Para dejar esperanzados a sus amigos, antes de irse, Sócrates les dijo que había llegado el momento de marcharse. Yo a morir, vosotros a vivir, adujo, nadie sabe con claridad cuál de las dos cosas es mejor, excepto quizá el dios. No hay mejor analgésico espiritual contra la melancolía producida por el enigma del destino que leer a Sócrates. Aunque hay que hacerlo con cuidado, pues explica tan bien la muerte que en alguna época hubo suicidios por acceder más pronto que tarde a los bienes que anunciaba. La muerte, en definitiva, no es nada, dice un personaje de Eduardo Mendoza, un buen día dejamos de comer bullabesa y nos convertimos en la bullabesa de los gusanos. Al final lo bueno de esa cena, o asamblea de gusanos, como decía Shakespeare, es que será imperceptible para nosotros pues nuestra carne será mármol de las sombras, como escribí en un poema. Pero más allá del cinismo de agitar la sola materia, y de que ya no sienta, como otro personaje de Muñoz Molina, que la muerte es una cosa que ocurre siempre lejos de mí, también calmo mi desazón con versos de Adonis. Ahora tengo uno en la cabeza que dice: Tengo una patria en el agua / que la muerte no conoce.

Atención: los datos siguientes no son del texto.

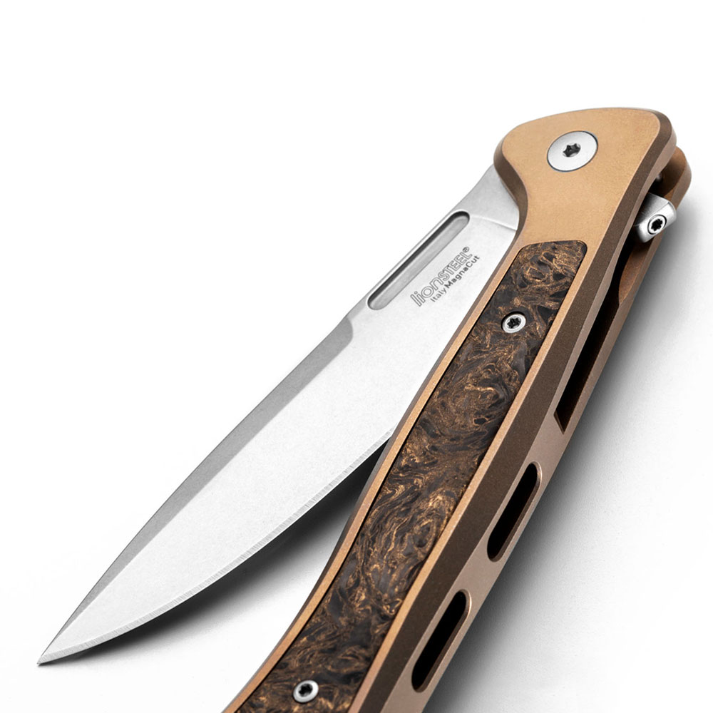 Nóż składany LionSTEEL SKinny SK01 BR Stonewash MagnaCut Bronze Titanium Carbon Fiber by Moletta

Omar Jayyan es también un poeta muy consolador. Lo recuerdo en la literatura de Amin Maalouf. "Paz al hombre en el negro silencio del más allá", dice. Al cabo les escribo de la dueña de las monedas porque amigos o iconos de mi juventud o madurez, van desapareciendo. La semana pasada Forges y ahora Quini, tan admirado no sólo por su fútbol sino también por su grandeza humana y generosidad. Nos ha dejado de repente. En la sombría noche quizá espera una luz, quiero creerlo. En la Galería de las Sombras quizá esperan mis recuerdos más hermosos. Invoco, por tanto, al descanso de la muerte, para que esté en ella la llave que abre todas las respuestas.